Two quotes on the same project can differ by $2,000 to $4,000 because contractors are specifying different product tiers. Understanding the tiers lets you compare estimates accurately:
CertainTeed Landmark Pro and the Landmark series are the primary alternatives to GAF on Main Line projects. Dual-layer construction and the SureStart PLUS warranty offer comparable performance. Hynes installs both manufacturers and provides side-by-side color samples during material selection.

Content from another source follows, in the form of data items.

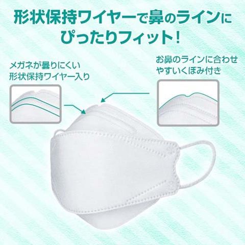| マスク本体・フィルター:ポリプロピレン、耳ゴム:ナイロン、ポリエステル、ポリウレタン、ノーズフィット:PE樹脂 |
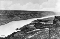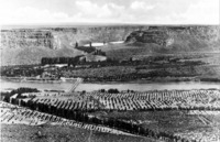 GB 064 Blue Lakes Farm, the Perrine land and orchard, looking north toward Blue Lakes in the Snake River Canyon. {May have been hand-colored from original photo 403.}
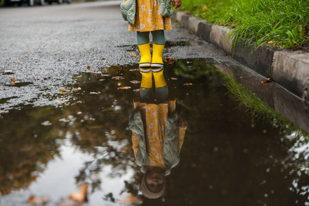 Little girl wearing yellow rubber boots standing in puddle outdoors, closeup
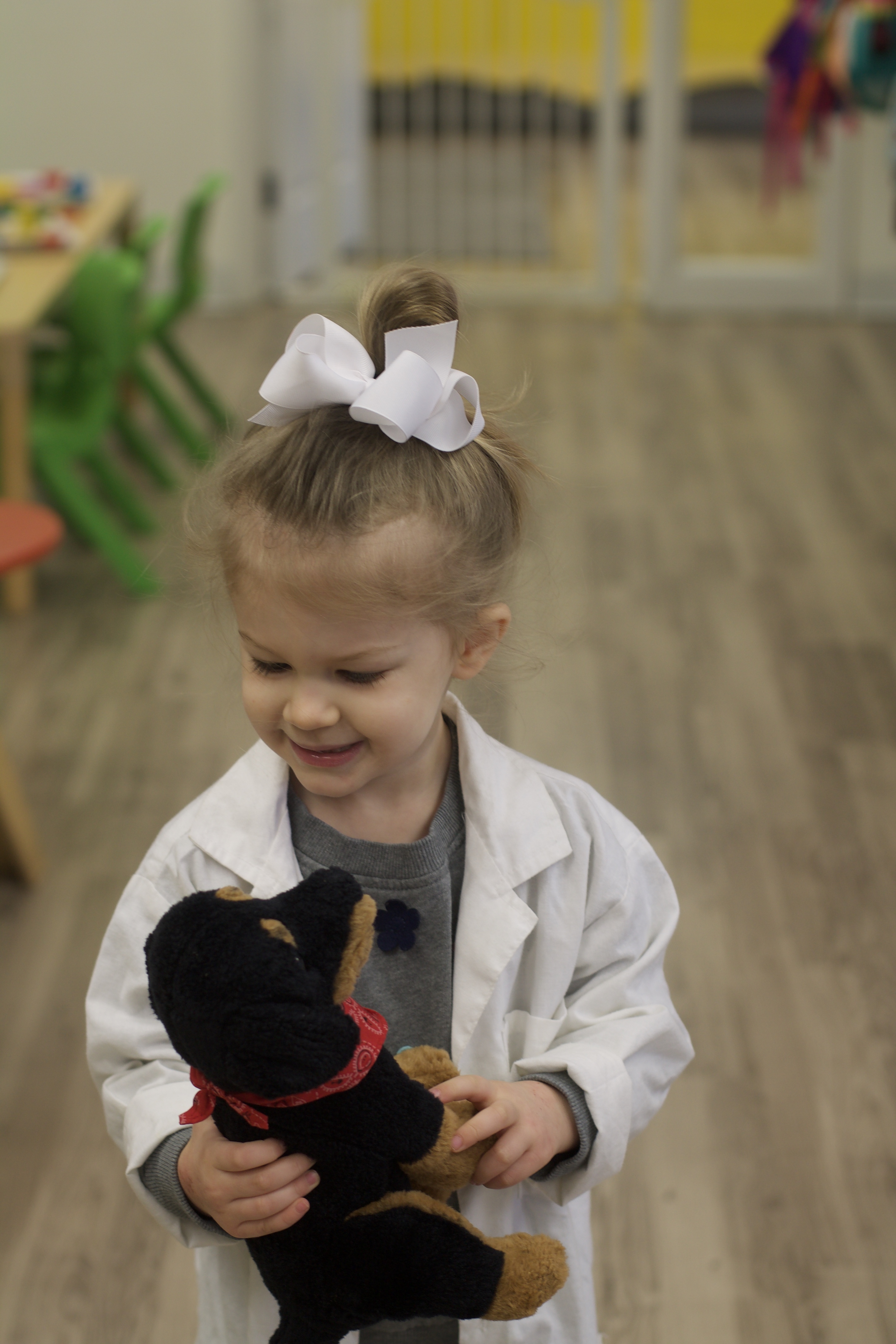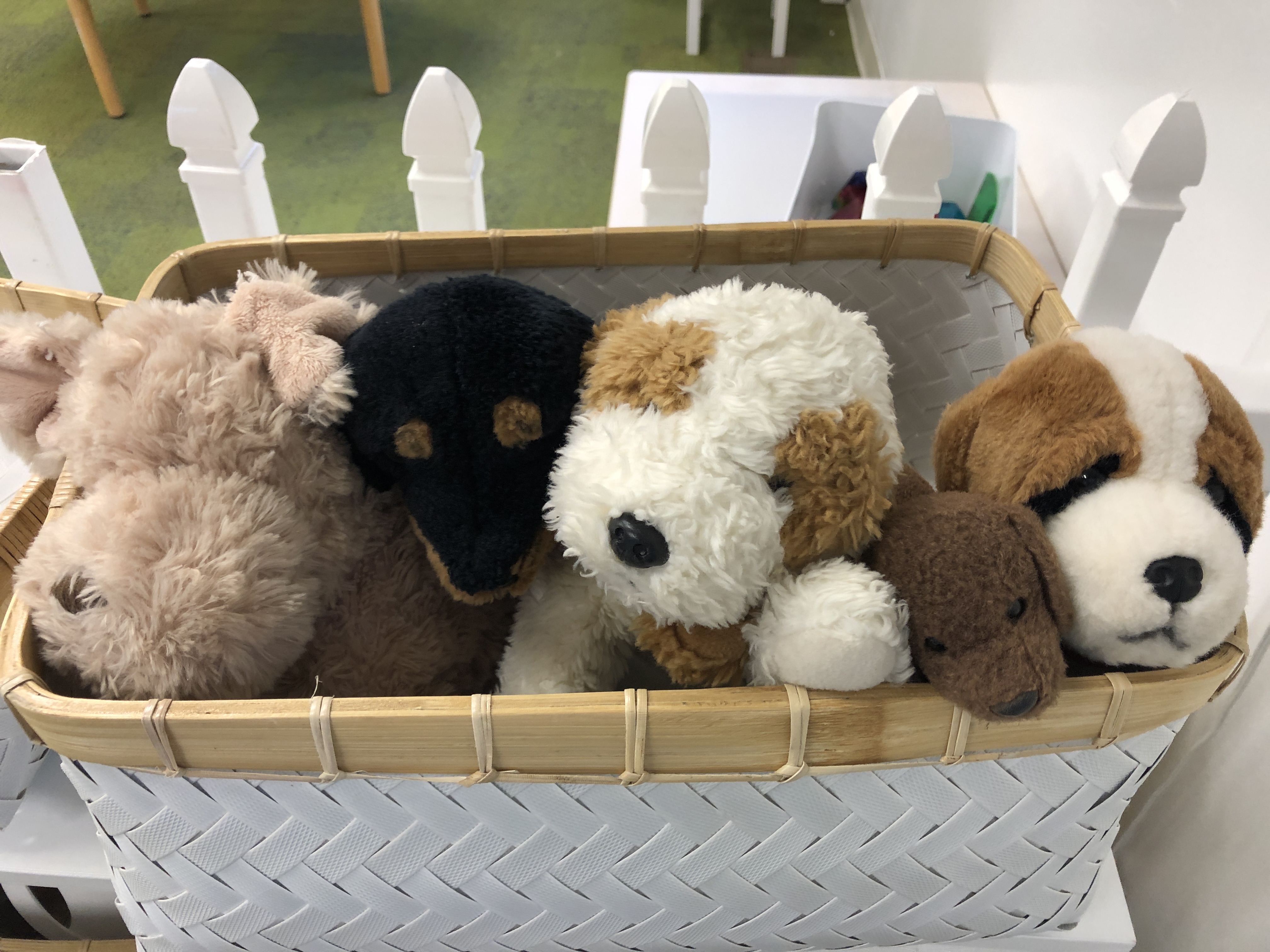 Our dramatic play center was converted into a veterinarian office.  The toddlers enjoy pretending to take care of the puppies.  They use new vocabulary, take turns, and get a little puppy snuggle.
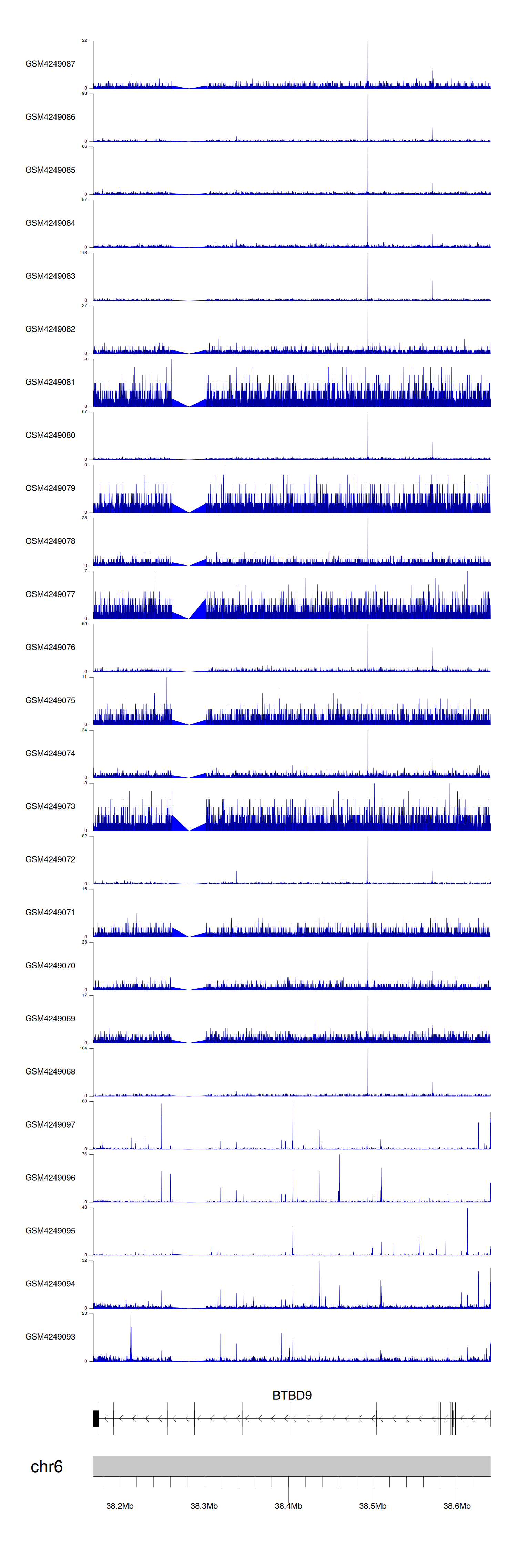 > Dataset: GSE143026 - BTBD9 peak across samples

Slate dominated Main Line residential roofing from the 1870s through the 1930s. Many original systems are still in service today. Critical local insight from 50 years of work on these properties: on most historic slate roofs that develop leaks, the slate itself is not the problem. The copper or lead flashing around chimneys, valleys, and dormers has reached its 50 to 75-year lifespan, while the slate has decades of usable life remaining. Replacing the flashing frequently restores the roof to full function at a fraction of full replacement cost. See our roof repair guide before deciding on a full slate replacement. When replacement is genuinely necessary, Hynes carries both new and salvage slate inventory for matching partial replacements on intact historic systems.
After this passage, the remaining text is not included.